Dad with my brother Jack
Dad was tall (6′ 3″), handsome and difficult to know.
I never heard him talk about himself–but then I probably never asked him.
He had a raffish mustache, grown just before the Second World War, which prompted mention of David Niven and Errol Flynn.
He laughed easily–which revealed his devastating smile.
We’d egg him on to tell his favorite joke–about a soldier on his way to Aden in the war who started his journey in the north of England on a troop train heading south.

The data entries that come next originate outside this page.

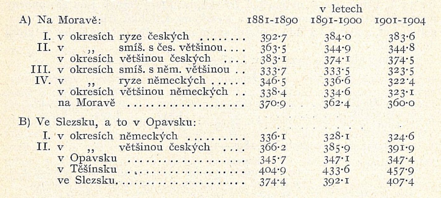 1 německém- porodů poměrně ubývá přes to, že vstupuje se více v manželství. Zjev ten není snad jen omezen na Moravu a na Čechy, jak ukázal Rauchberg, nýbrž jest možno jej pozorovati ve všech kulturních státech. Ve Slezsku ubylo porodů pouze v německých okresích (a to i absolutně); v území českém a polském za to jich stále rozhodně přibýrvá. To pak působí ta okolnost, že následkem přistěhování mladých lidí zvláště do uhelné pánve prostřední věkové třídy nabývají v nich stále větší převahy nad ostatními, čímž natalitní cifra se zvyšuje.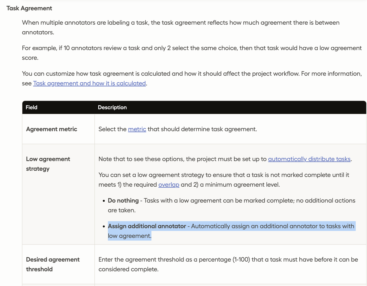 而以label studio为代表实践的则更为复杂,不仅可以拆分人物细节的一致率,还可以将一致率融流程中,为一致率低的任务自动添加更多标注员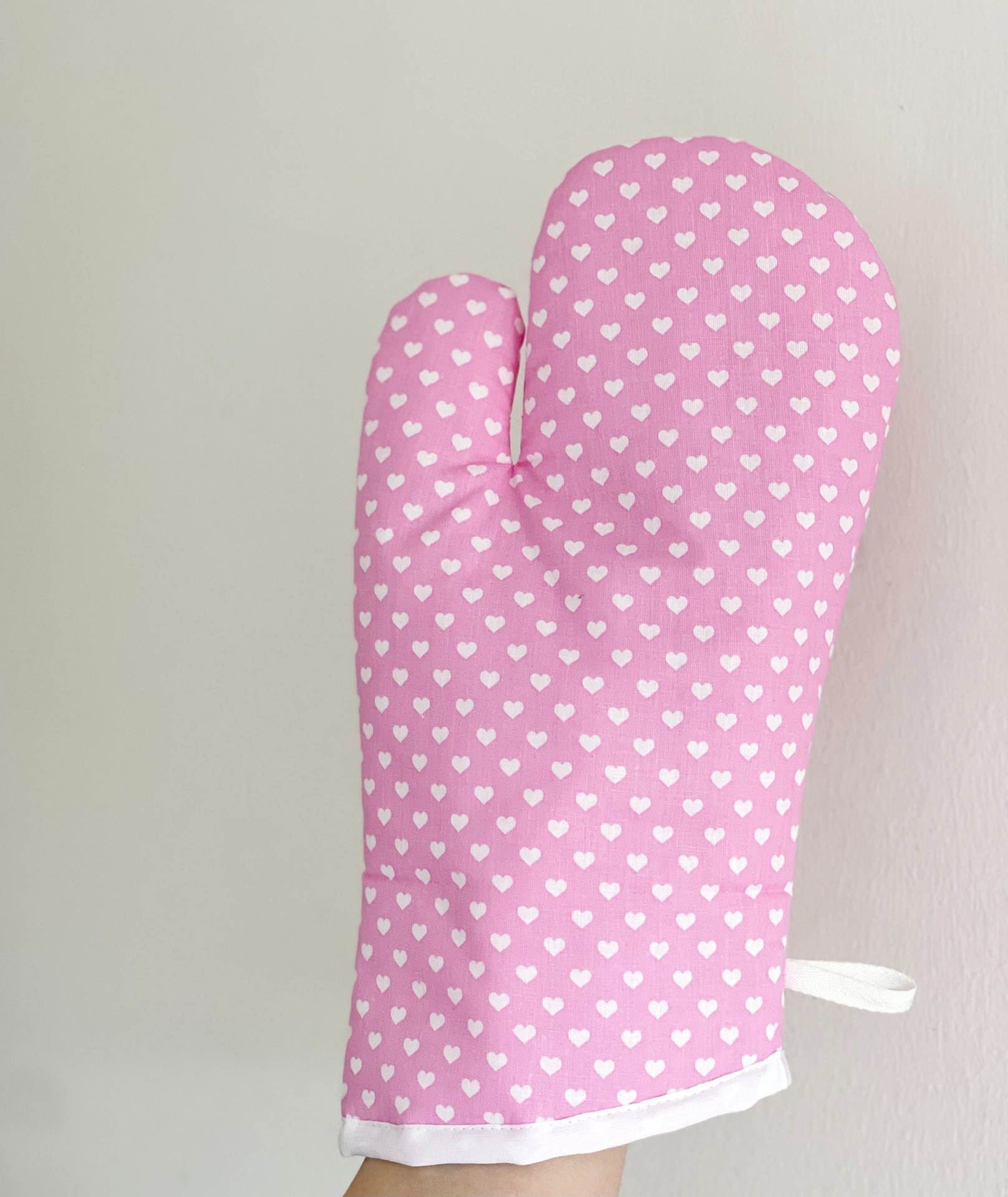 Zástěra a chňapka - růžová s bílými srdíčky - set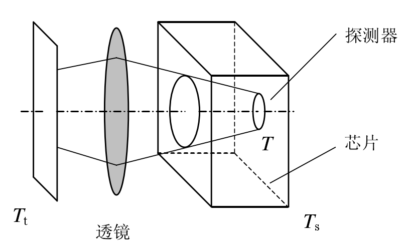 基于微测辐射热计的红外成像系统简化模型如图11所示。温度为 T_{t} 的目标黑体发出的红外辐射经过红外镜头之后,经过理想红外窗口入射到探测器的光敏面上,光敏面的温度为 T ,发射率为 \varepsilon ,硅衬底热沉与周围环境的温度为 T_{s} 。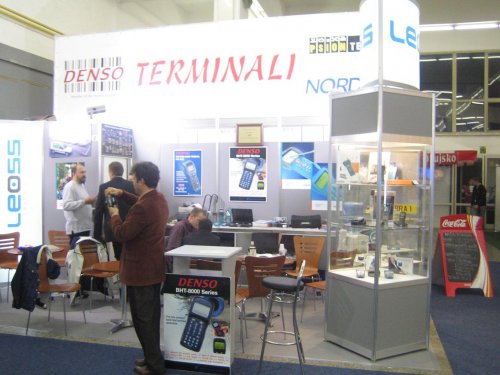 na?ih dobaviteljev (Zebra, Denso, Metrologic, Socket, NordicID, Europlus, Nfive,?), so popestrile hostese in Atlasov terminal za rezervacijo po?itnic. Strokovno podporo pa je poleg treh LEOSS-ovih sodelavcev nudil tudi predstavnik NordicId, g. Emanuelle Moulin.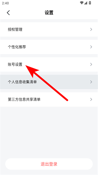 3、在設置界面里,點擊賬號設置選項,進入賬號設置頁面。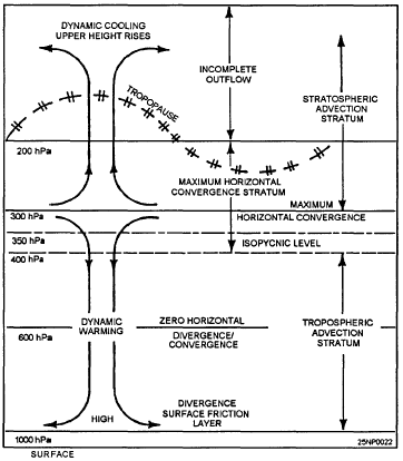 Figure 3-9.-Vertical circulation over developing high. mass, and generally accompanied by cooling in the stratosphere. This is analogous to the deepening of lows where the decrease in mass, generally accompanied by warming at high levels, overcompensates the cooling in the troposphere. The evidence, therefore, indicates that high-level changes, undoubtedly due to dynamic mechanisms in the upper troposphere, are largely responsible for deepening and filling of surface pressure systems. This fact is of considerable prognostic value if the dynamic processes that induce these mass and density changes can be detected on the working charts. This information is now available on CD in Adobe PDF Printable Format |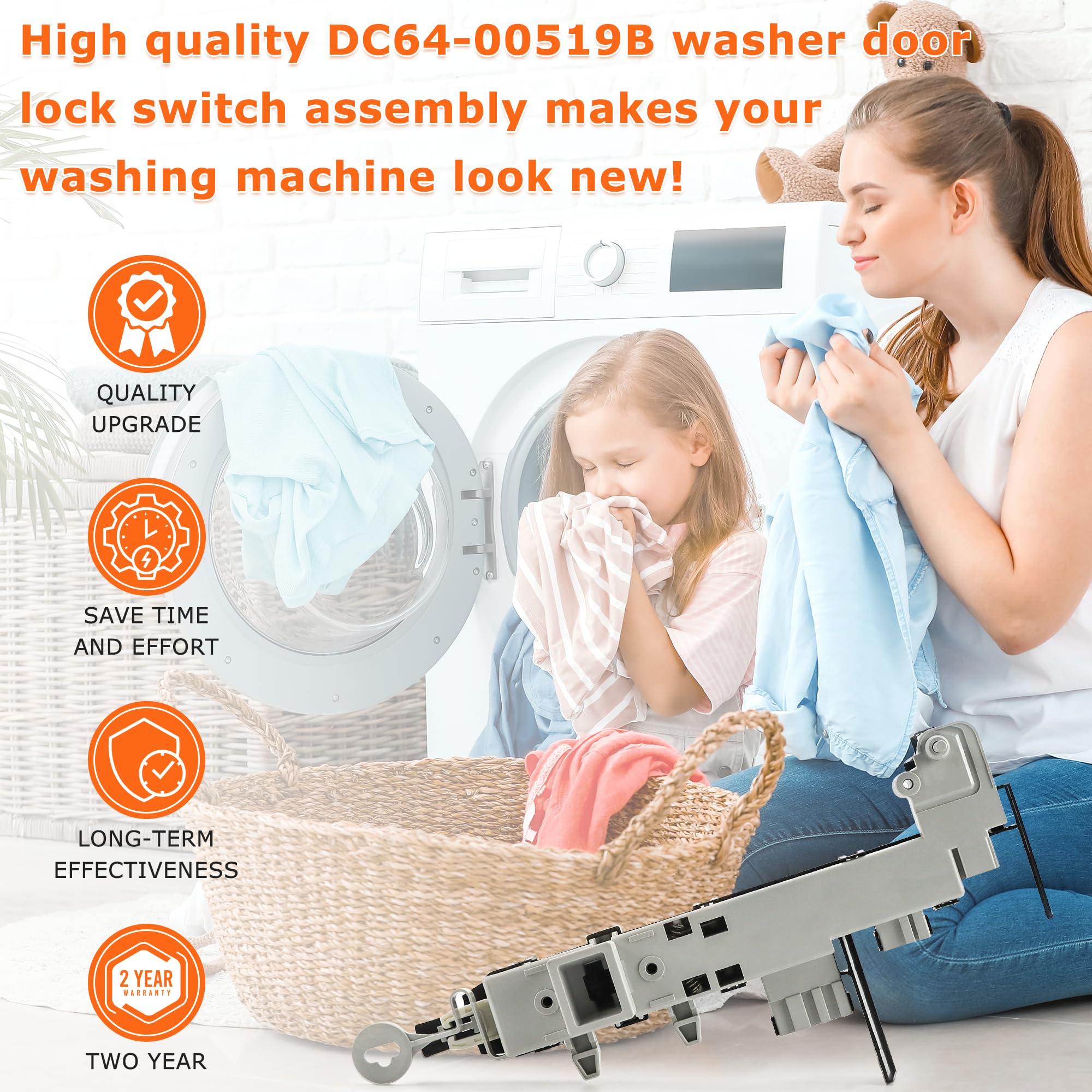 EASY DIY INSTALLATION -- The Whirl-pool wp8182634 washer door lock assembly (part number 461970200692 DC64-00519B) plays a vital role in maintaining the safety of your washer's operation. Installation should be unplugged from the washer. Tools needed: screwdriver, work gloves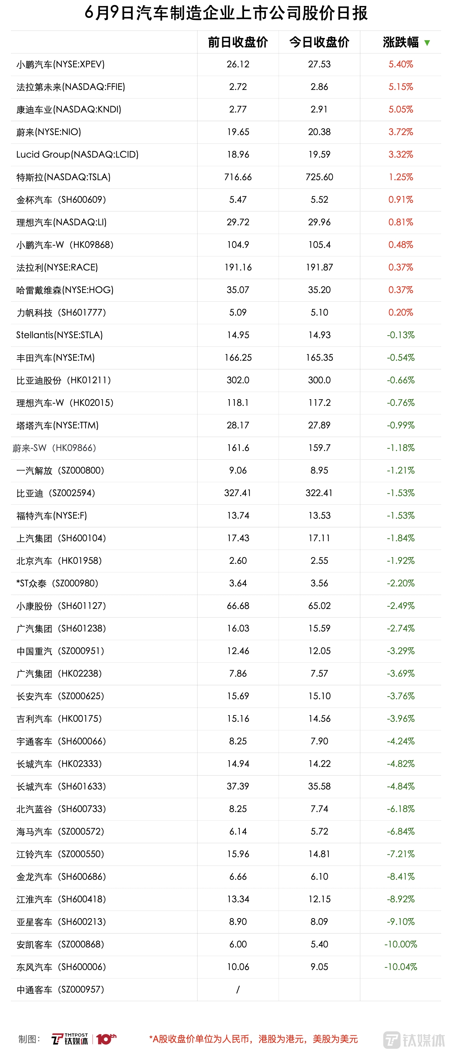 车企上市公司

The compartment was sealed and the journey was non-stop–there was no access to a toilet.
By the time he got to Portsmouth he was desperate.
Going up the ship’s gangplank he shouts to a sailor, “Where the nearest toilet, mate?”.
“Portside!” came the reply.
Then we’d all groan–and repeat the punch line with him:
“COR BLIMEY–DON’T WE STOP AT GIBRALTAR!”
(The soldier thought he’d said Port Said in Egypt.)
He was good at maths and loved music; he played the ukelele and piano.
He’d stand in the living room conducting classical pieces playing on the gramophone with huge commitment and knowledge–his version of the “air guitar”, I suppose.
The gramophone was his pride and joy–and was state-of-the-art then in the fifties; we had no TV.
Anthony Gerald Ellis was born 4th November 1915.
He would have been a 100 this year.
“Tony” was adopted by my grandmother, who’d been widowed in 1912 at age 40.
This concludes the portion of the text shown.